- Genre: Cooking show
- Created by: The Walt Disney Company
- Starring: Michel Roux Jr.;
- Country of origin: United Kingdom
- Original language: English
- No. of seasons: 1
- No. of episodes: 9

Production
- Production company: Fresh One Productions

Original release
- Network: Disney Channel
- Release: 22 June – 20 July 2015

= First Class Chefs =

First Class Chefs is a British television cooking series that airs on Disney Channel. The series stars the famous chef Michel Roux Jr. The series premiered in the United Kingdom on 22 June 2015. The series was produced by Fresh One Productions.

==Episodes==

===Series overview===

| Series | Episodes |  | Originally released |  |
| First released | Last released |
| 1 | 9 |  | 22 June 2015 | 20 July 2015 |

===Season 1 (2015)===

| No. overall | No. in series | Title | Original release date |
| 1 | 1 | "Heat One" | 22 June 2015 |
Three teams face a skills challenge including making an omelette and icing a cake, before making their own dish for Food Face Off. The teams are; The Two Cheeky Italians, The Ramen Rockers and The Frenemies.

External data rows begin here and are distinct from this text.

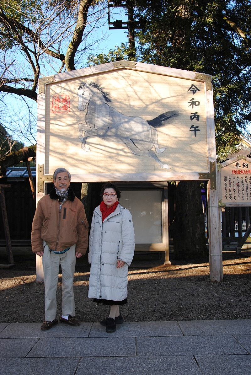 This year is Horse year on the rotation of the 12 zodiac animal signs. In front of the main hall (Haiden) - Photo-1, we pay respect for the KIA soldiers of Nippon and throw a coin into the offering box. Mildly snow-covered main hall (Haiden) - Photo-2 . Platform stage for taking a ceremonial photograph - Photo-3.
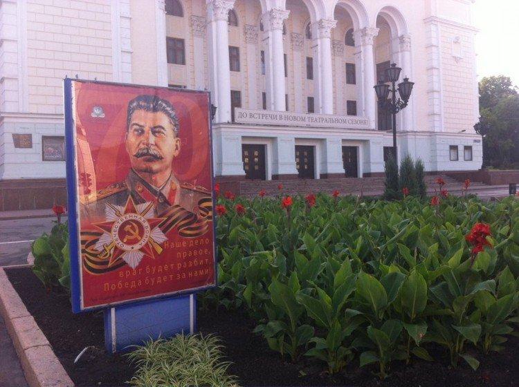 Но давайте опять о красивом. Год назад всех предпринимателей заставили повесить флаги. Ну как заставили, просто попросили, но большинство возражать не решилось. Хотя я сомневаюсь, что владельцев тех магазинов, где флаги до сих пор не висят, всех поголовно забрали "на подвал". Просто у дончан давно такая традиция, если Партия регионов чего-то просит (а большинство "днрвских" чиновников среднего и низшего звена – это именно она, родная), то лучше ей дать. И если раньше не сильно пробовали сопротивляться, то теперь и подавно.
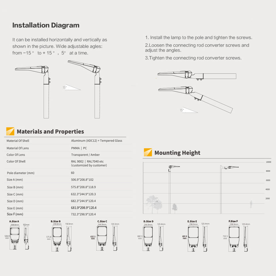 180W LED Street Luminaire Aluminum Body Photocell SMD Chip IP66 for UL ETL ROHS SAA Certificates Outdoor ABS for Street Road Use

The Frenemies were eliminated
| 2 | 2 | "Heat Two" | 23 June 2015 |
The second three teams face a skills challenge including making an omelette and cake icing before making their own dish for Food Face Off, to see who goes through to the next round.
| 3 | 3 | "Heat Three" | 29 June 2015 |
The next three teams face a skills challenge including making an omelette and cake icing before making their own dish for Food Face Off, to see who goes through to the next round.
| 4 | 4 | "Heat Four" | 30 June 2015 |
The final three teams face a skills challenge including making an omelette and cake icing before making their own dish for Food Face Off, to see who goes through to the next round.
| 5 | 5 | "First Quarter Final" | 6 July 2015 |
Four teams take part in a quick skills challenge, then prepare post-match snacks for a football team, to see which two teams go through to the semi-finals.
| 6 | 6 | "Second Quarter Final" | 7 July 2015 |
Four teams take part in a quick skills challenge, then prepare post-rehearsal snacks for a dance troupe, to see which two teams go through to the semi-finals.
| 7 | 7 | "First Semi-Final" | 13 July 2015 |
The four remaining teams face a quick skills challenge and then a celebrity VIP challenge, before learning which three will go through to the second semi- final.
| 8 | 8 | "Second Semi-Final" | 14 July 2015 |
Four teams take part in a quick skills challenge, then prepare post-rehearsal snacks for a dance troupe, to see which two teams go through to the semi-finals.
| 9 | 9 | "The Final" | 20 July 2015 |
Two teams battle it out to see which is crowned First Class Chefs 2015. The final episode sees Michel Roux Jr joined by daughter Emily as the finalists cook for surprise guests.